S&P has posted a report, What’s Pushing Down The U.S. Homeownership Rate? It opens,
Seven years after the Great Recession began, a number of key economic factors today have reverted from their short-term extremes. Home prices are rebounding, unemployment is declining, and optimism is rising among economists if not among financial markets that the U.S. economy may finally be strong enough to withstand a rate hike from the Federal Reserve. All these trends point to reversals from the recession’s dismal conditions. Even so, one telling trend for the nation’s economy hasn’t yet reverted to its historic norm: the homeownership rate. The rising proportion of renters to owner occupants that followed the housing market turmoil has yet to wane. Compound this with tougher mortgage qualifying requirements over recent years, and it’s not surprising that the homeownership rate, which measures the percentage of housing units that the owner occupies, dropped to a 50 year low of 63.4% in first quarter 2015. However, the further decreases in unemployment and increases in hourly wages that our economists forecast for the next two years may set the stage for an eventual comeback, if only a modest one. (1)
S&P concludes that many have chosen not to become homeowners because of diminished “mortgage availability and income growth.” (8) Like many others, S&P assumes inthat the homeownership rate is unnaturally depressed, having fallen so far below its pre-bubble high of 69.2%. While the current rate is low, S&P does not provide any theory of a “natural” rate of homeownership (cf. natural rate of unemployment). Clearly, the natural rate in today’s economy s higher than something in the 40-50 percent range that existed before the federal government became so involved in housing finance. And clearly, it is lower than 100% — not everyone should be or wants to be a homeowner. But merely asserting that it is lower than its high is an insufficient basis for identifying the appropriate level today.

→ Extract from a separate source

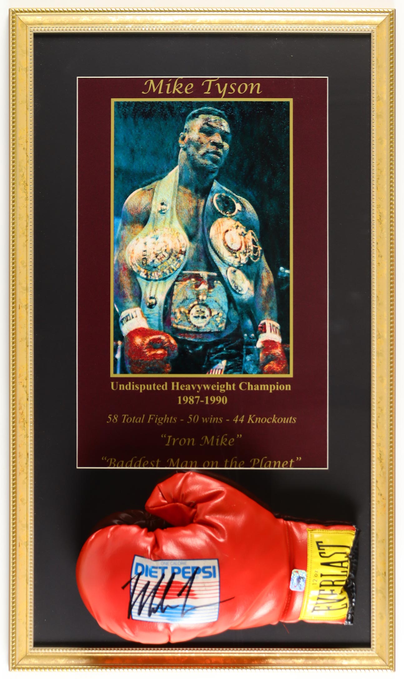 Custom frame measures approximately 17" x 29" in size and features an Vintage Everlast Diet Pepsi boxing glove that has been hand-signed by Mike Tyson (HOF). Display also includes a photo.

I think that the focus should remain on income growth and income inequality. If we address those issues, the homeownership rate should find its own equilibrium. If we push people into homeownership without ensuring that they have stable incomes, we are setting them up for a fall.
October 26, 2015 | Permalink | No Comments
Friday’s Government Reports Roundup
- The National Housing Conference released its 2015 “Paycheck to Paycheck” report, which reports how the gap between housing and wages has increased.
- The National Bureau of Economic Research released a working paper, Housing Booms and Busts, Labor Market Opportunities, and College Attendance, which reports a correlation between the state of the housing market and college attendance.
- CoreLogic released its August 2015 National Foreclosure Report, showing that, since August 2014, there has been a decrease in the amount of foreclosures.
- Center on Budget and Policy Priorities released “How Housing Vouchers Can Help California’s Rental Crisis”.